▶ _What is needed_: Without the pictures, write out all the lines below exactly as they appear.

▶ _Raw data_:
# # # # #

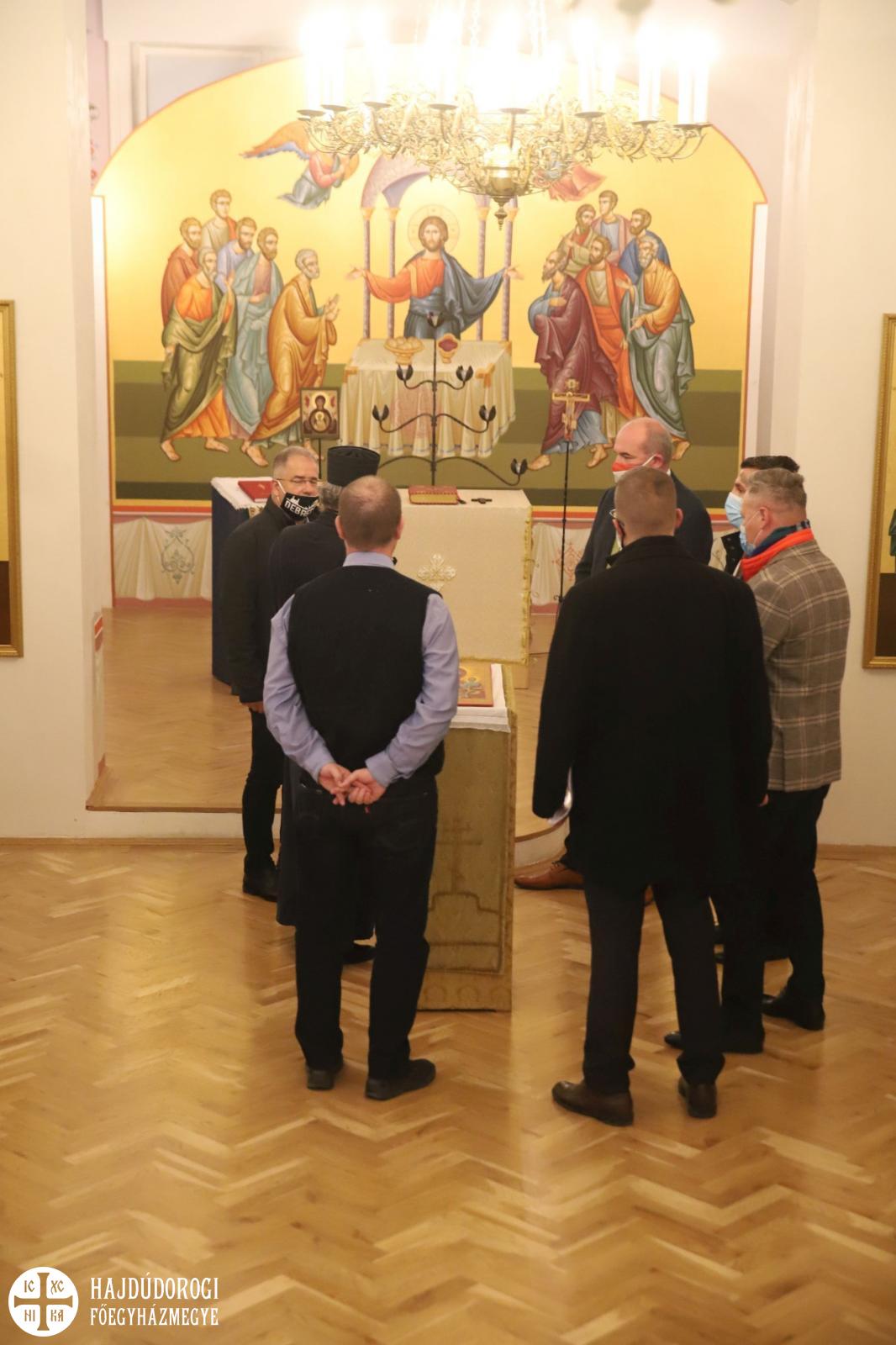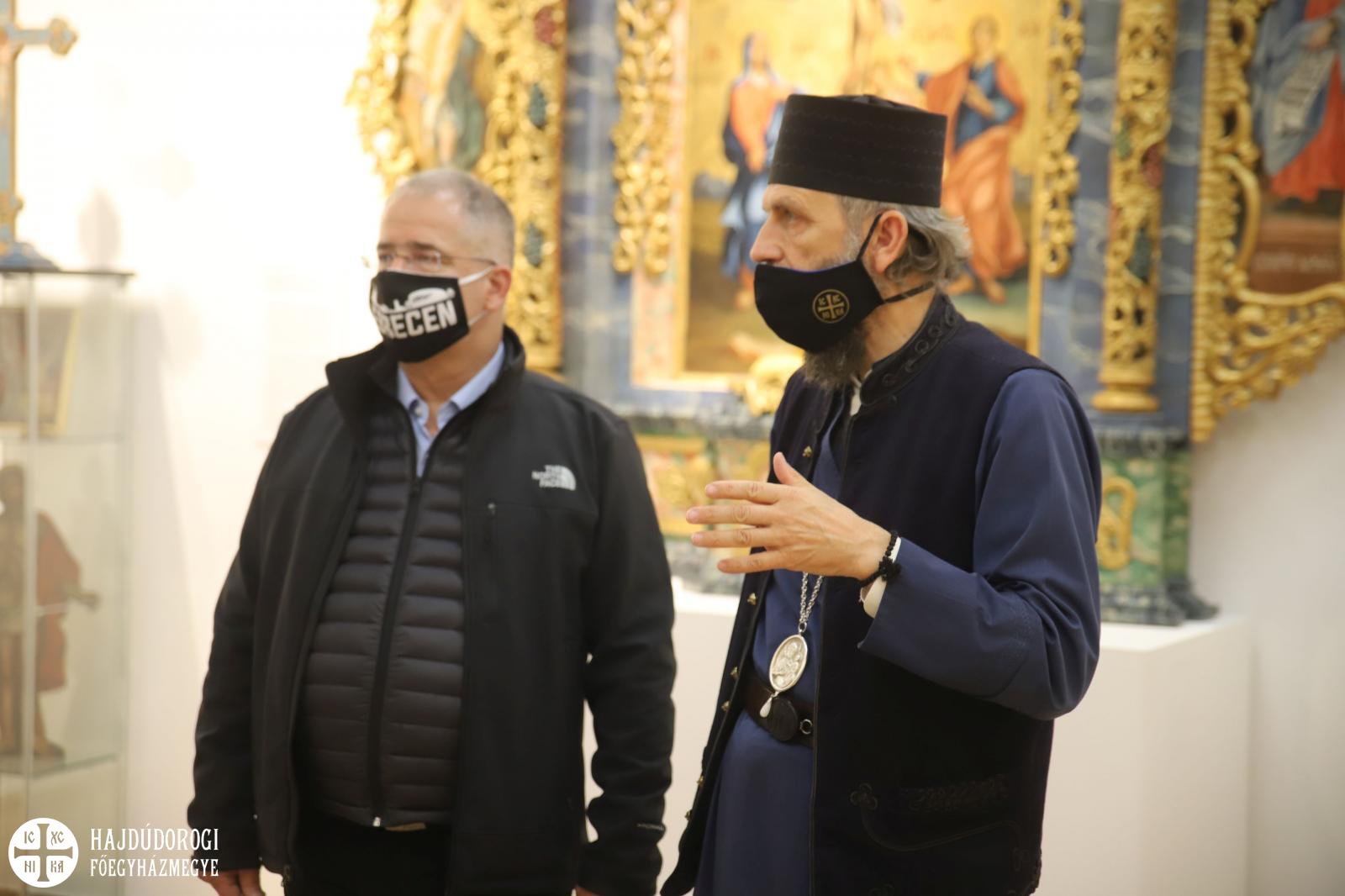 A vendégek elsőként körbejárták az érsekség épületét és megcsodálták kápolnáját valamint Fülöp metropolita vezetésével A hit megmaradt élő tanúi c. kiállítást.
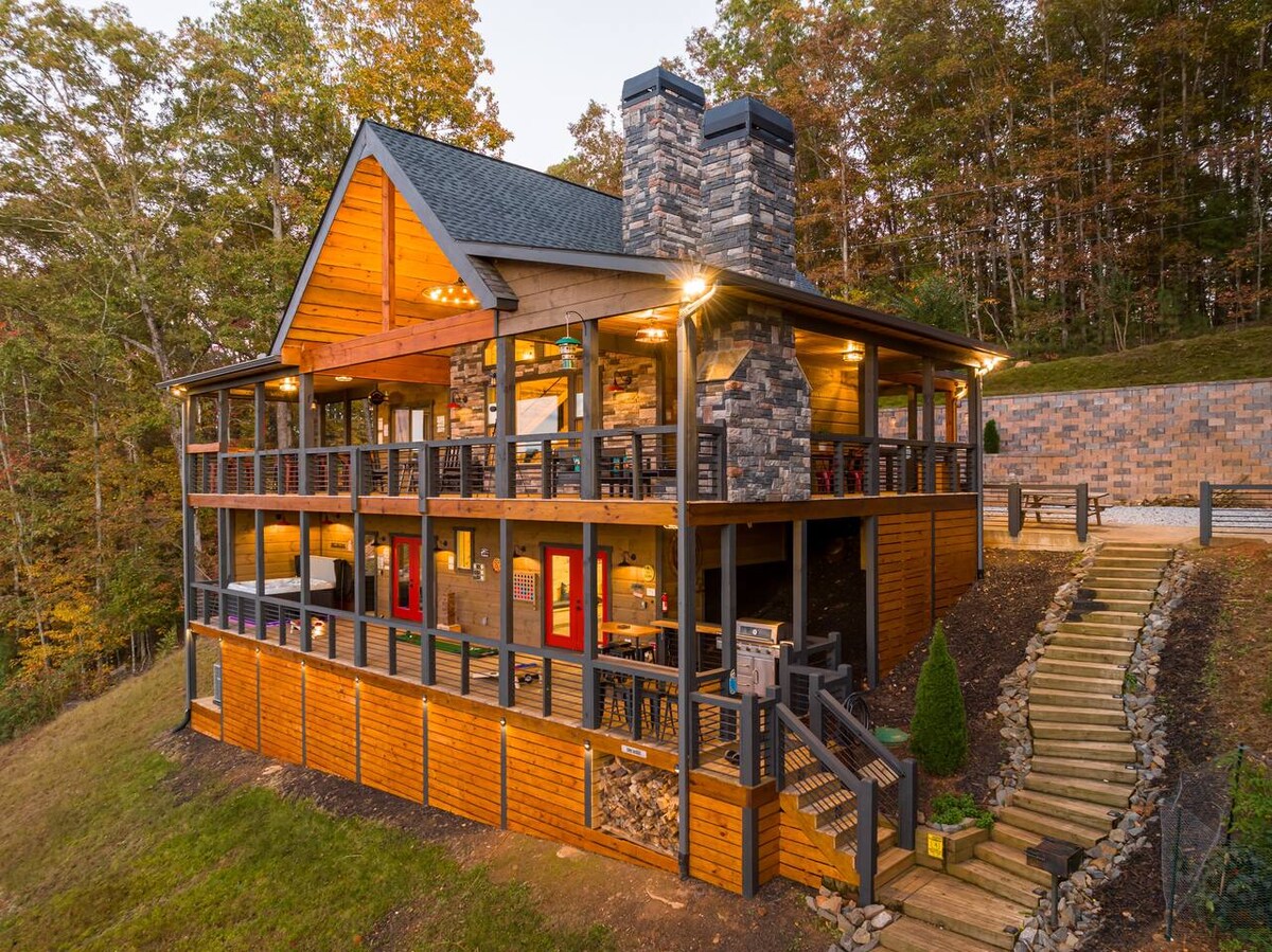 Luxury MTN Cabin, Hot Tub w/Views! 5 min to hiking
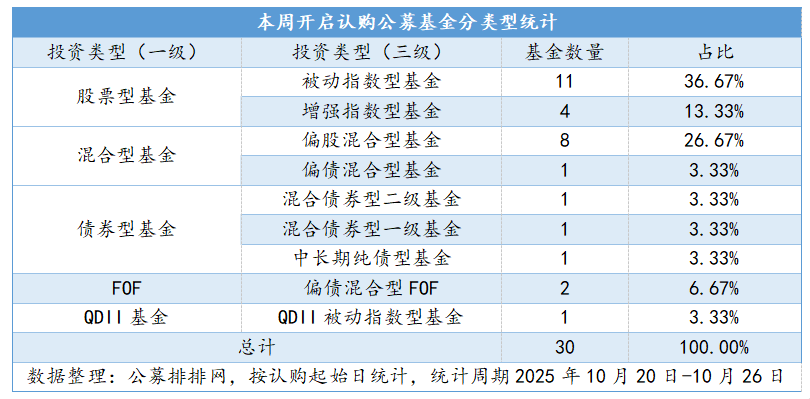 债券型基金发行维持平稳,本周共有3只债券新基开启认购,环比持平。其中,混合债券型二级基金、混合债 券型一级基金和中长期纯债型基金各1只。 QDII(合格境内机构投资者)基金发行则有所回暖,本周有1只QDII新基开启认购,而前一周开启认购的QDII 新基数量为零。 从机构角度来看,本周有27家公募机构旗下有新基开启认购,其中24家公募机构仅1只新基开启认购,另外3家 公募机构有2只新基开启认购。 公募产品发行有所降温。 10月20日,记者从公募排排网获悉,10月20日至10月26日全市场共有30只公募基金开启认购,较前一周环比下 降45.45%,平均认购天数为27.8天,较前一周明显延长。 | | 本周开启认购公募基金分类型统计 | | | | --- | --- | --- | --- | | 投资类型(一级) | 投资类型(三级) | 基金数量 | 长比 | | 股票型甚金 | 被动指数型基金 | 11 | 36. 67% | | | 增强指数型基金 | র্ব | 13. 33% | | 混合型甚金 | 偏股混合型基金 | 8 | 26. 67% | | | 偏债混合型基金 | 1 | 3. 33% | ...
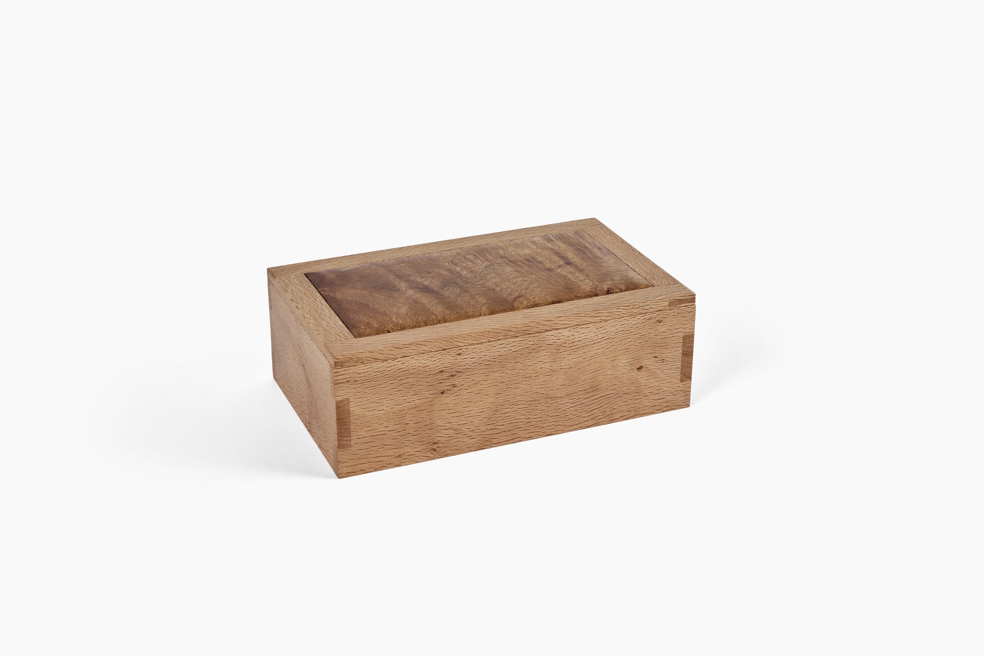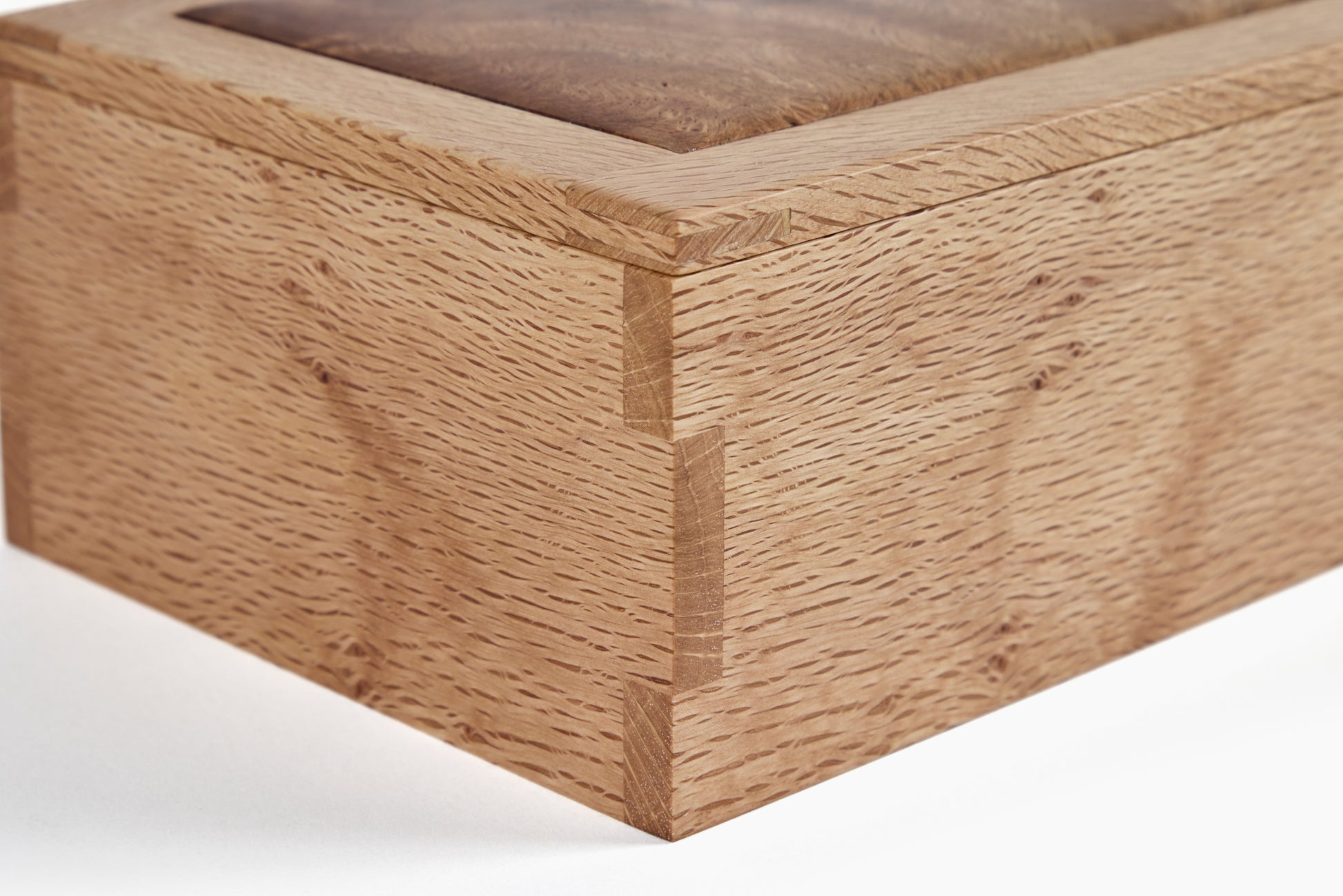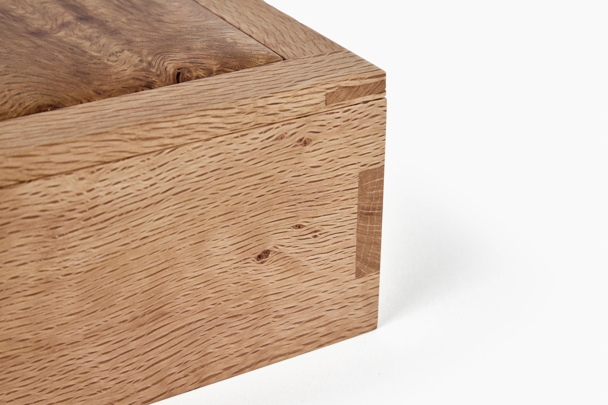 This particular box is made of coast live oak. The lumbar is from a branch of a tree from Noah's family home. Coast live oak is the iconic low sprawling oaks seen on the rolling hills of California.

# # # # #

▶ _Answer to this task_:
 A vendégek elsőként körbejárták az érsekség épületét és megcsodálták kápolnáját valamint Fülöp metropolita vezetésével A hit megmaradt élő tanúi c. kiállítást.
 Luxury MTN Cabin, Hot Tub w/Views! 5 min to hiking
 债券型基金发行维持平稳,本周共有3只债券新基开启认购,环比持平。其中,混合债券型二级基金、混合债 券型一级基金和中长期纯债型基金各1只。 QDII(合格境内机构投资者)基金发行则有所回暖,本周有1只QDII新基开启认购,而前一周开启认购的QDII 新基数量为零。 从机构角度来看,本周有27家公募机构旗下有新基开启认购,其中24家公募机构仅1只新基开启认购,另外3家 公募机构有2只新基开启认购。 公募产品发行有所降温。 10月20日,记者从公募排排网获悉,10月20日至10月26日全市场共有30只公募基金开启认购,较前一周环比下 降45.45%,平均认购天数为27.8天,较前一周明显延长。 | | 本周开启认购公募基金分类型统计 | | | | --- | --- | --- | --- | | 投资类型(一级) | 投资类型(三级) | 基金数量 | 长比 | | 股票型甚金 | 被动指数型基金 | 11 | 36. 67% | | | 增强指数型基金 | র্ব | 13. 33% | | 混合型甚金 | 偏股混合型基金 | 8 | 26. 67% | | | 偏债混合型基金 | 1 | 3. 33% | ...
 This particular box is made of coast live oak. The lumbar is from a branch of a tree from Noah's family home. Coast live oak is the iconic low sprawling oaks seen on the rolling hills of California.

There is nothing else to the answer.